Look at the kernel line in menu.lst. That noapic, nolapci, and brokenmodules=uhci_hcd are all there, tells me that you used all three at the same time when you booted into the installation, rather than one at a time. So do this to verify which of these is what is enabling you to get through the boot:
When the grub boot menu comes up, hit the Escape key. A pop-up will say that you are entering text mode; accept. Now the menu is a text list. Use the cursor keys to highlight that boot line, and hit the ‘e’ key. The screen will change and you will see the three lines you see in menu.lst above. Highlight the kernel line and press ‘e’ again. Now you are in a mini-text editor. Use the cursor keys to move on the line and the delete key to remove brokenmodules=uhci-hcd. Hit enter to save that line. Then hit ‘b’ to boot that (edited) stanza. If the machine boots, you will know that noapic or nolapic solved the problem. If the machine does not boot, you know it is brokenmodules=uhci-hcd that worked. If it was noapic or nolapic that solved the problem, then repeat these steps except remove both brokenmodules=uhci-hcd and noapic (leaving only nolapic) and boot. If that works, you have a final solution, that is, nolapic. If it does not, then repeat the steps once gain but this time remove nolapic and leave noapic which will work; by process of elimination you have determined noapic is what you need.
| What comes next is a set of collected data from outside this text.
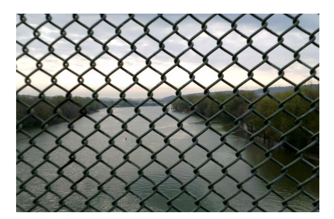
Figure 9. Photograph of and quote about overarching visions for better health and wellness

See this fenced in? This is the good part out there. Down there in the river there then in the distance. Getting beyond this fence is a whole world out there, so I just gotta get around it. Even if I have to walk, get there some kind of way. I gotta make a way. I gotta make some positive moves, positive steps to get there and get what I need to get. I can't be fenced in.
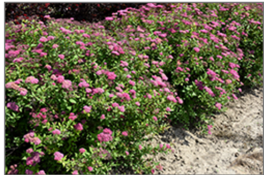
Froebelii Spirea in bloom
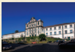
3 Old Jesuit School (17th century), in which, currently, operate the Horta Museum and City Hall, as well as the Mother Church.

From where we can enjoy a magnificent view of the town, Pico Island ahead and the channel separating the two:
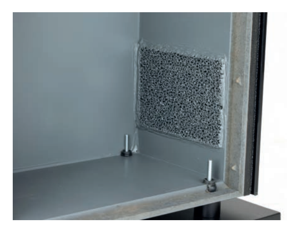
The ceramic foam plate in the Classic 35 is positioned in front of the bassreflex vent as a damping element and helps to minimize flow noise

Waterfall Diagram The transient behaviour of the Classic 35 is absolutely exemplary. Above 500 Hertz, the loudspeaker comes to rest extremely quickly.
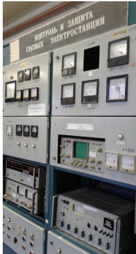
Electric generator defences
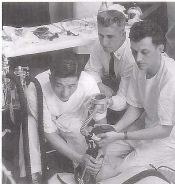
A youthful Peter Safar (right) and associates "bag" a volunteer during resuscitation research conducted at Baltimore City Hospital in the 1950s.

The American Society of Anesthesiologists selected Dr. Safar to deliver the Lewis H. Wright Memorial Lecture for the noteworthy year of 2000. Dr. Safar presented his lecture, "On Resuscitation Medicine from 1000 to 2000 C.E.," October 17 at the ASA's Annual Meeting in San Francisco. The major portion of his talk focused on
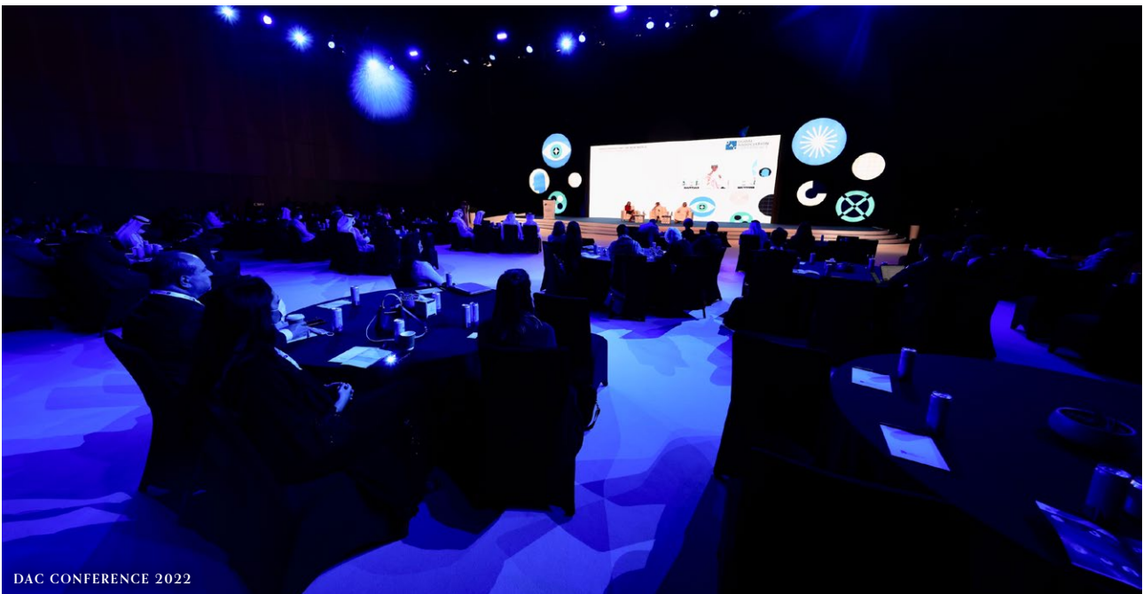
DAC CONFERENCE 2022

Dubai's biennial gathering has solidified its place as a key event within the association community. With the upcoming edition featuring crucial themes like artificial intelligence and strategies for managing disruptions, it is poised to be more pertinent and influential than ever before.
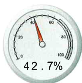
Hours of Service
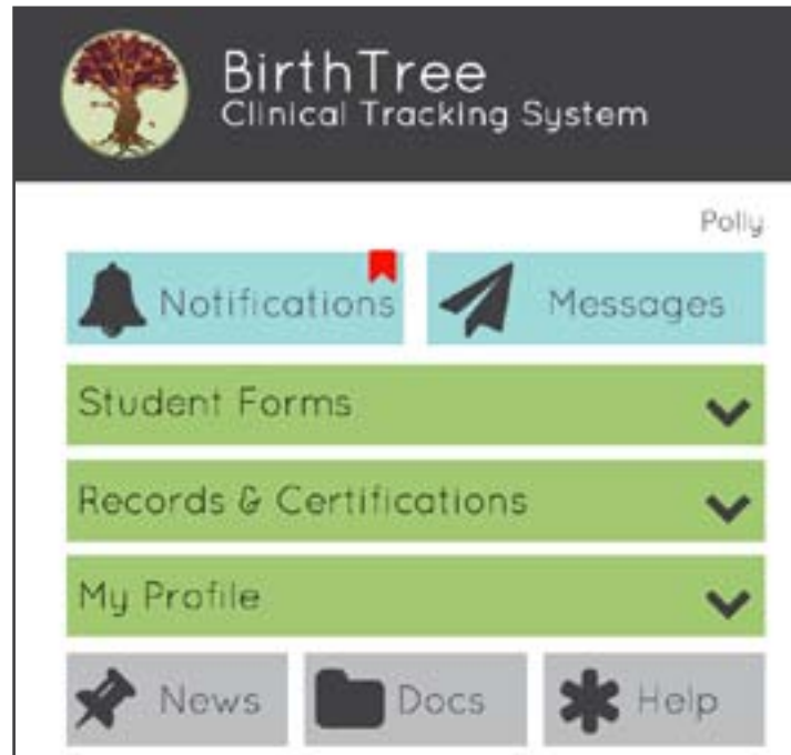
Preceptor Account Home Page
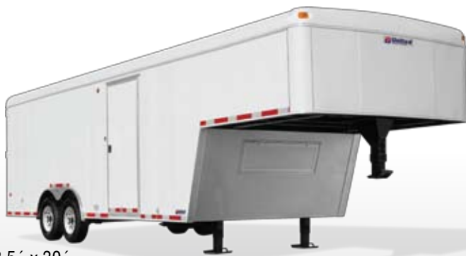
8.5' x 30' U-Series Gooseneck Model
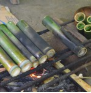
Mari Mari Cultural Centre
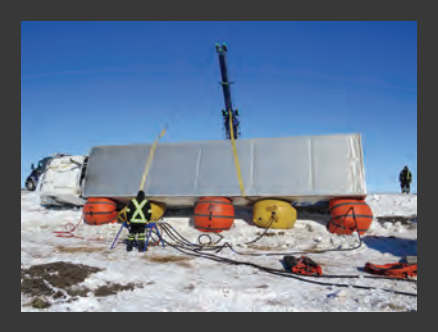
Winter Air Cushion Recovery
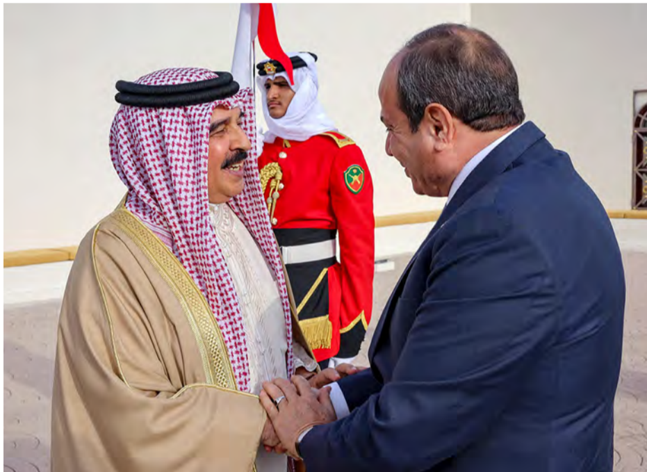
HM the King with Egypt President Abdel Fattah El Sisi.
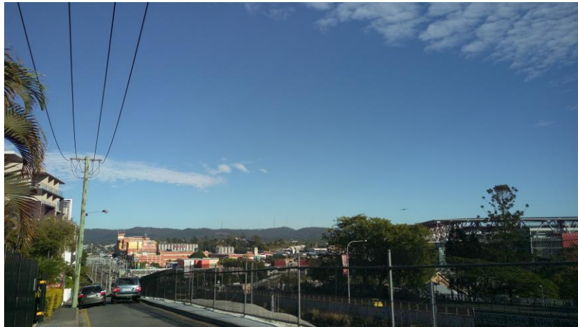
Ardor Group was located at a mountain, giving one a glimpse of the beautiful view of the western part of the city.

Ardor Group, the company which I worked for as an intern, is located in Brisbane. It was a marketing company, primarily helping clients to promote their products and services. One of the unique marketing methods they used is face-to-face marketing.
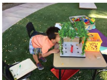
Checking out the sukkah
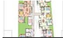
Block-B Floor Plan
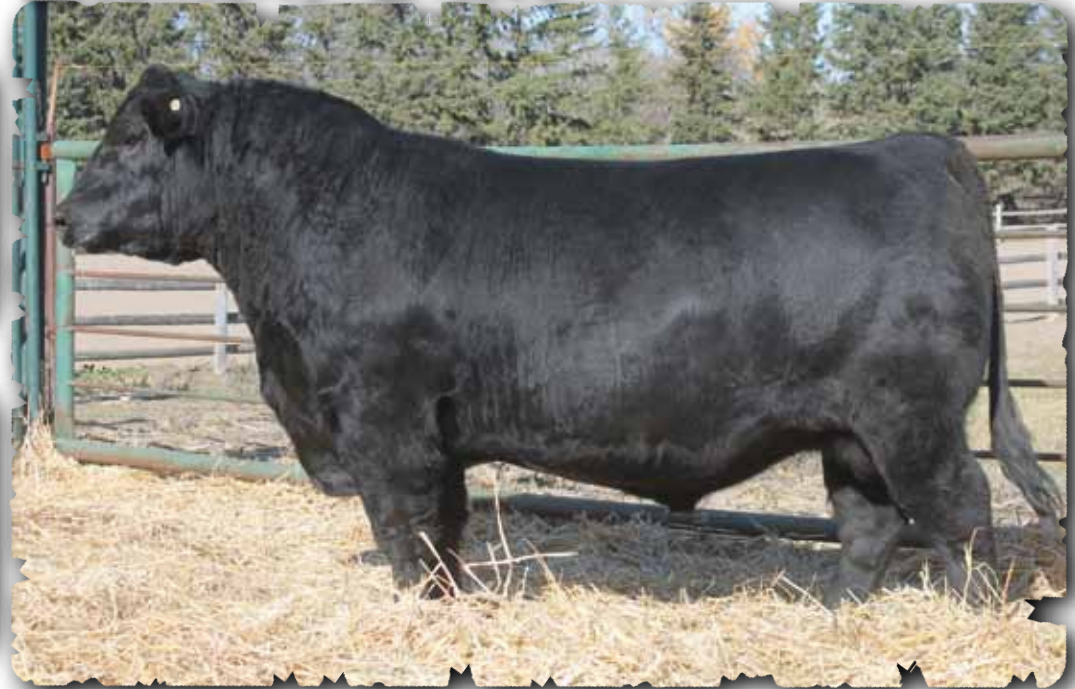
PEAK DOT ELEMENT 246D - LOT 39
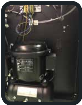
Silent compressor inside the machine
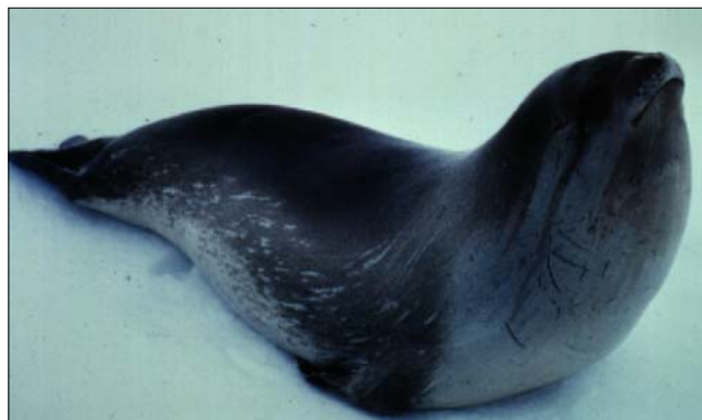
The killing of Ross seals is prohibited by CCAS
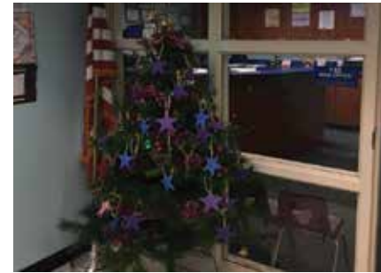
Watch for the tree next December!

Each year before winter break, Imagine Bella's Families Helping Families giving tree displays ornaments of items needed by Imagine Bella students. Families and staff members anonymously donate uniforms, coats, boots, and toys to help the students in our Imagine Bella community. Each item is wrapped up for families to take home on the last school day and open during the holiday season.
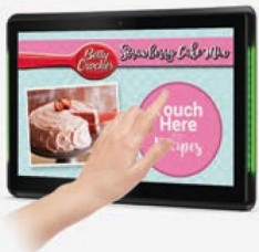
10 TOUCH POINTS
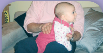
Look how far I can see...
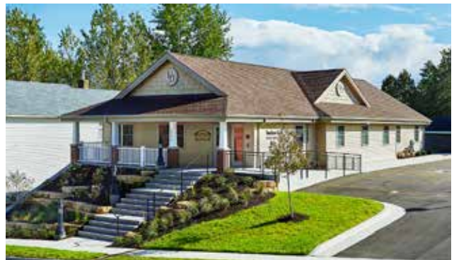
Smeltzer-Kelly Student Health Center is a state-of-the-art facility that has a comprehensive treatment team that includes medical and brain health professionals. When students return for fall 2021, they will have access to COVID-19 testing and vaccine options.

Face coverings are highly recommended. They are required in the Smeltzer-Kelly Student Health Center and may be required at clinical sites and internship locations, on public transportation, etc.
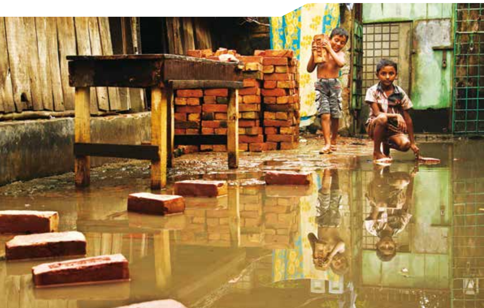
The right to a safe and healthy environment is a basic right upon which other human rights depend. Here, children make a bridge across a flooded slum in Khulna.

“EJF argues that current international human rights standards are of limited utility to situations of climate-induced displacement in that they fail to explicitly govern the issue and neither inform policy nor offer sufficiently strong grounds upon which to pursue litigation.”
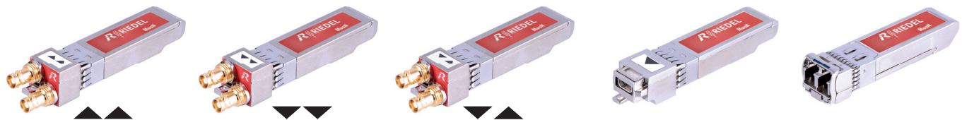
-A: HD/3G (ST2022-6 & ST2110) Encapsulator -B: HD/3G/12G (ST2110) Encapsulator

By a simple change of the software license, the device can become JPEG-2000 encode or decode, an audio router, or even a 16x1 multiviewer.
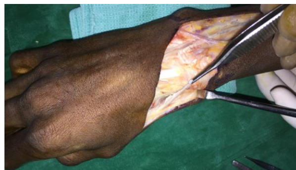
Fig. 3: Distal cut end of the tendon
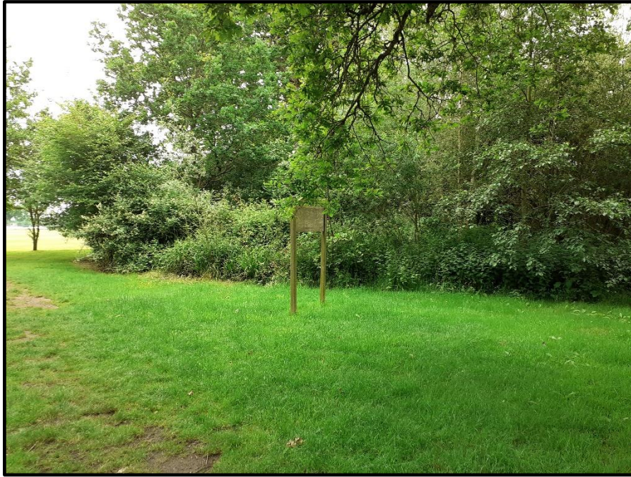
Photograph 15, at point CE1 looking towards point C
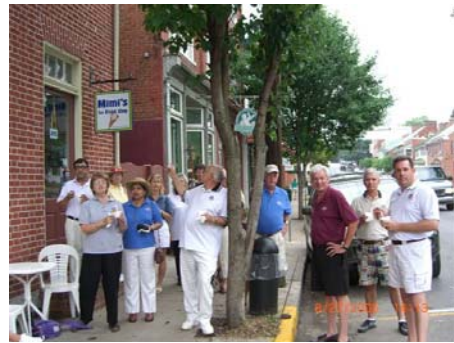
Cars at The Inn
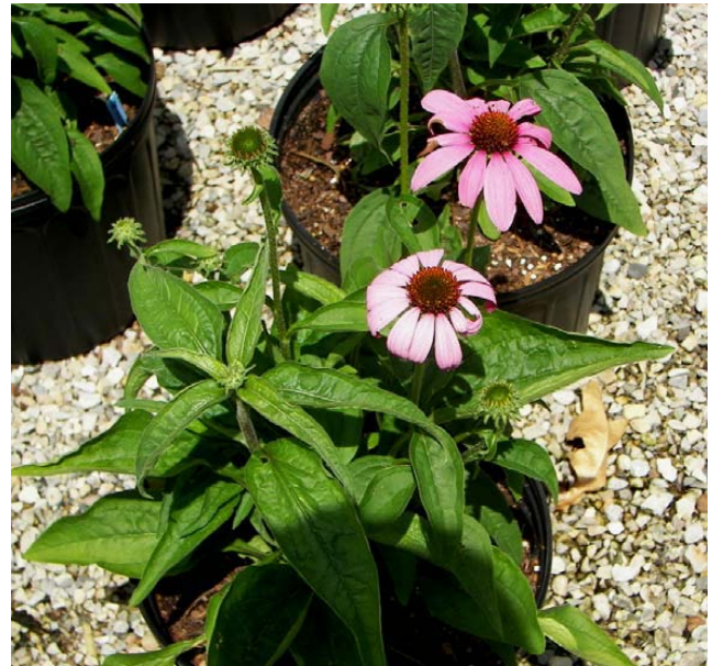
'Magnus' Echinacea, Columbus, Ohio summer 2008.

Tyler, et al. (1993) 1 reported the addition of aerobically composted turkey litter to container substrate for production of ornamental crops is beneficial to plant performance, improved container substrate nutrient retention and provided adequate nutrients for plant growth, including micronutrients. The trial herein is predicated on the work of Tyler et al. (1993) and was designed to evaluate the effect of Sustane® 16-4-8 (120 day) control release fertilizer on plant performance of 'Magnus' echinacea. More than half of Sustane 16-4-8 is composed of an all natural fertilizer derived from aerobically composted turkey litter. The trial compared Sustane 16-4-8 (120 day) to an industry standard 18-6-12 (8-9 mo.) control release fertilizer. Each fertilizer was incorporated at a rate of 1.8 pounds of nitrogen per cubic yard. The potting medium was 100% pine bark.
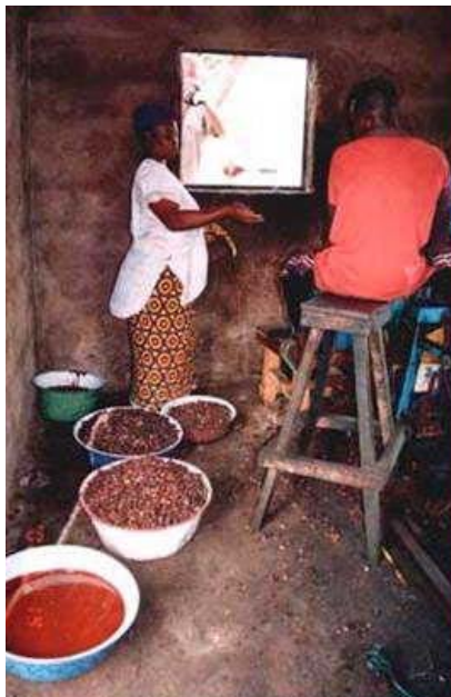
Pressing Karite nuts in platform

The Mali-Folkecenter project, a Malian non-governmental organization (NGO) financed by Siemenpuu Foundation of Finland (2002-2004), investigated and highlighted the different benefits of Jatropha in three regions of Mali (Koulikoro, Sikasso and Kayes). Women were the focus, because they are the key actors in several Jatropha -related activities. Women collect the seeds and sell them to a buyer from outside the community. Women make soap, either from the seeds in a traditional way or better quality soap from the oil itself. They also participate in the planting of Jatropha . Women are also important beneficiaries of the multi-purpose platforms, because the time and energy-consuming work involved in pounding millet, maize etc. is replaced by the mechanical grinding. This considerably reduces the workload of women and leaves time for other activities.
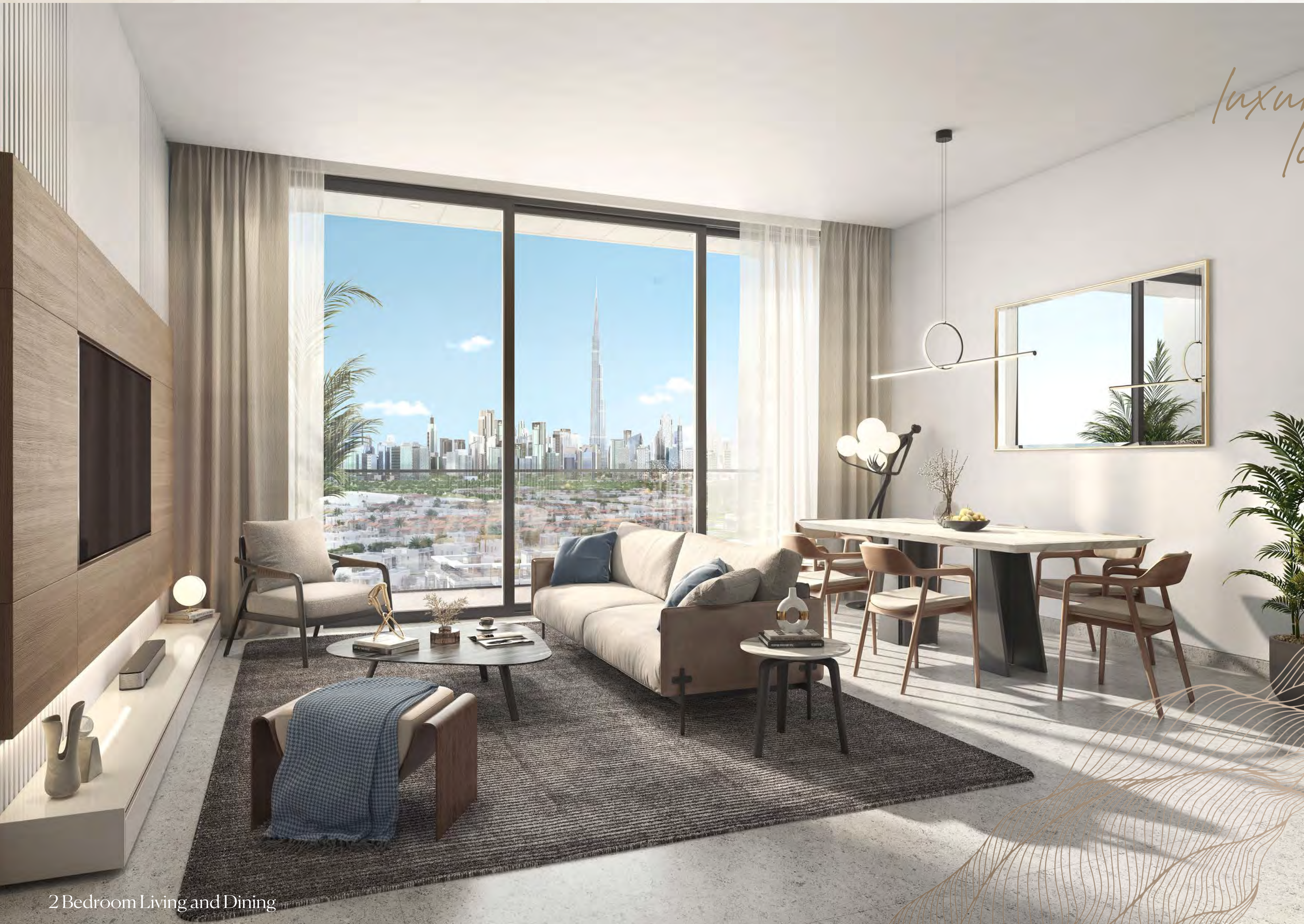
2 Bedroom Living and Dining
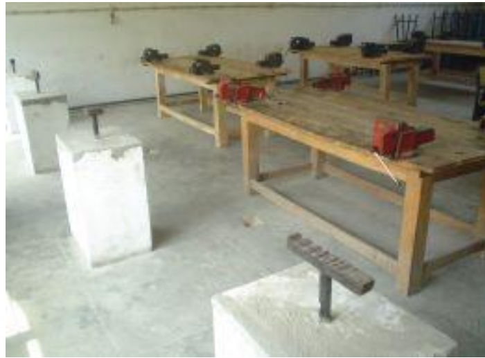
Sheet Metal Shop
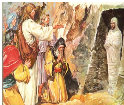
Adapted from Octopus Books Limited

Question 2. This drawing is based on the miracle of Jesus raising Lazarus from the dead.
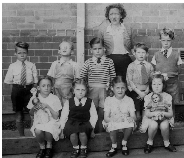
School class of deaf children and their teacher in 1948, with four of the subjects described in this review (used with the kind permission of the owners of the photograph).
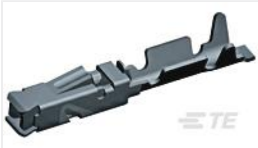
TE Part #2-1411550-1 ELOSTD M5300U91
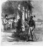
Great Labor Question, 19th & Early 20th Century Labor Prints, 1863-1908 Special Collections and Archives, Georgia State University, Atlanta
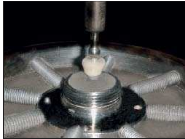
Fig 2 Frontal view of the loading apparatus.
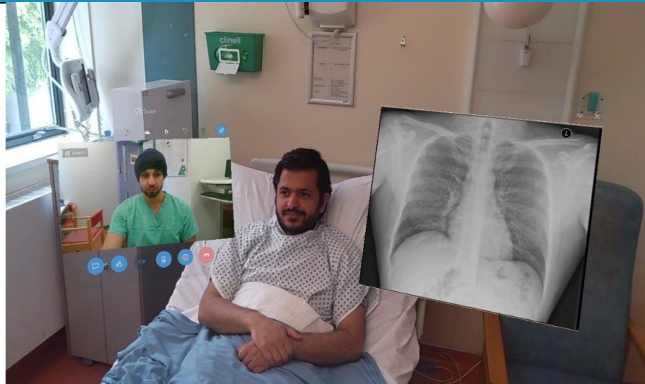
Image 2- What the user see's

Our preliminary pilots utilising HoloLens have been successful and presented at 3 conferences in 2021 (ASME, RCP annual conference and USA). This showed high level of student satisfaction as brought a clinical scenario streamed real time and allowed them to interact with the HoloLens user and patient whilst they were remote as during COVID 19 restrictions. Augmented reality medical student teaching within primary care | RCP Journals

It is also possible that the problem is not with the uhci controller itself, but rather the mouse. So if the steps above show that the machine only boots with brokenmodules=uhci-hcd, then repeat the editing step above except delete all three (brokenmodules, nolapic, noapic) and disconnect the mouse before booting. If the machine boots all the way to the login, you know that the problem is with the mouse, not the controller.
Report back what you learned and we’ll go from there.
I forgot to mention that after solving problem with freezing at boot, Ubuntu was working correctly with my mouse. I installed OpenSuse 11.1 with the same boot options like Ubuntu and mouse is not working.
This is really beginning to sound like a hardware issue. I should have raised this as a possibility at the start, given that the behaviors began with adding a new disk & ram. Running memtest against the ram is strongly advised. Be sure to set it up to run the entire battery of tests for long enough - overnight. Check that the sticks are tightly seated. If the ram is DDR, be sure that the pair slots are correctly populated, and that matching sticks are paired. Also, some motherboards don’t like combining sticks with different CAS or voltage ratings.